Exercise prompt -> Please transcribe exactly the lines from the first line of the records below through the line containing "Map of Region X", including both, and omit all pictures.

Supplied data ->
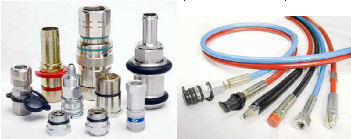
A variety of the quick connect couplings manufactured by CEJN, a Swedish company with an international reputation for quality.
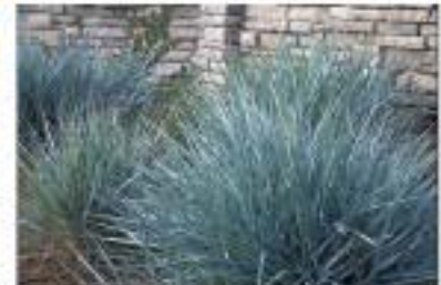
CANYON PRINCE WILD RYE Leymus c. 'Canyon Prince'
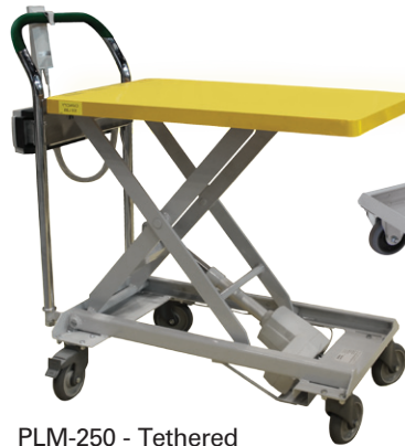
PLM-250 - Tethered Remote Control Standard
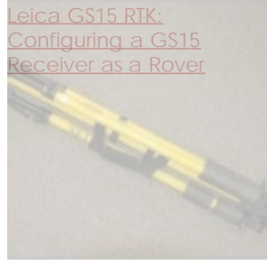
Leica GS15: Tripod Setup
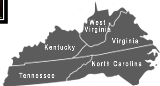
Map of Region X

Virginia is part of Region X. We also heard from three of the four candidates for NARFE National President (pictured below):
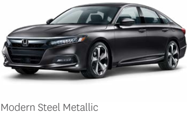
Modern Steel Metallic
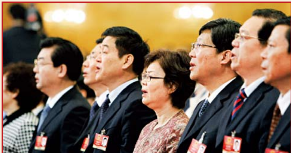
NPC deputies sing the national anthem as the Second Session of the 11th National People's Congress (NPC) opens at the Great Hall of the People in Beijing on March 5, 2009.
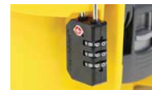
TSA approved padlock
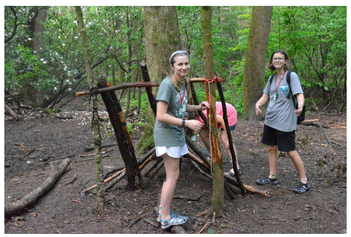
Figure 9 Youth will learn new outdoor skills with our many classes including "Shelters and Knots"

There are no additional or optional activities that cost extra money. For example, there are no optional arts & crafts or optional water activities that cost extra money. Only snacks and souvenirs cost extra.
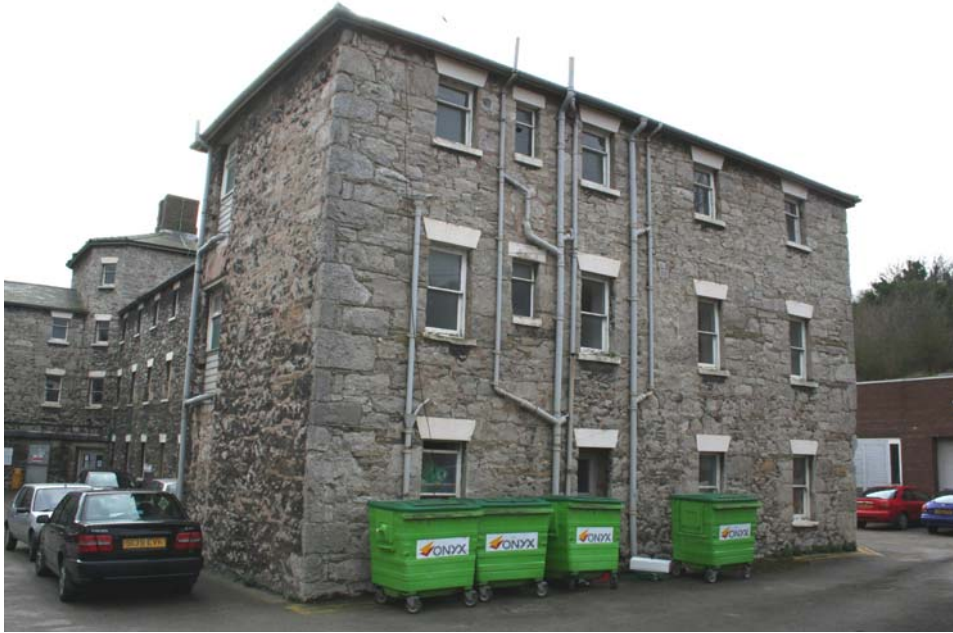
Plate 15 above : Cross wing of the north wing of the workhouse, view from the north
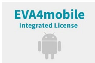
EVA4mobile® – Integrated license in combination with field computer VFC4.1 Item No. 2405350010
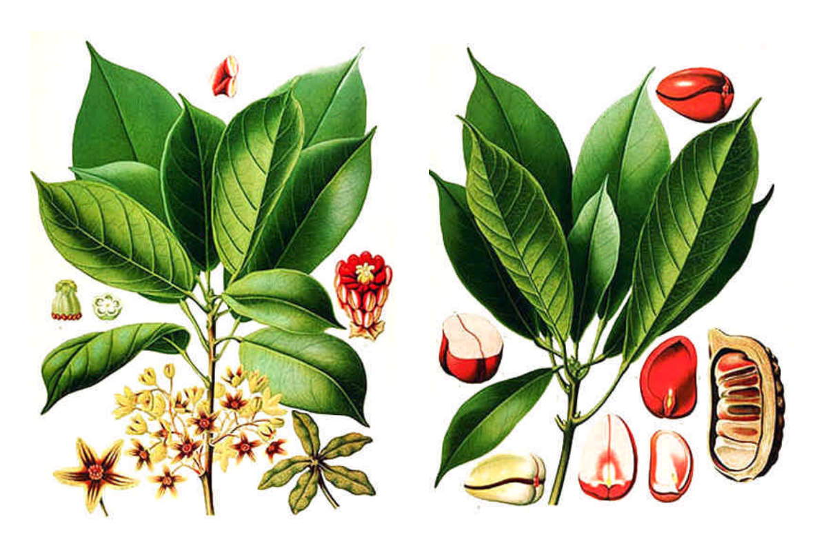
Cola acuminata - Flowers

These following diagrams are from Hermann A. Köhler's work <u>Medizinal Pflanzen</u>, published in 1887.
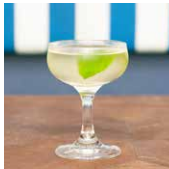
ELDERFLOWER SOUTHSIDE $21 Gin, St Germain Elderflower liqueur, lime juice & mint.
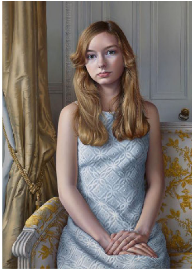
'Sophia' Oil on linen over panel
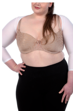
BACK-LINKED SLEEVES Ref. 037-5

Output below ->
A variety of the quick connect couplings manufactured by CEJN, a Swedish company with an international reputation for quality.
CANYON PRINCE WILD RYE Leymus c. 'Canyon Prince'
PLM-250 - Tethered Remote Control Standard
Leica GS15: Tripod Setup
Map of Region X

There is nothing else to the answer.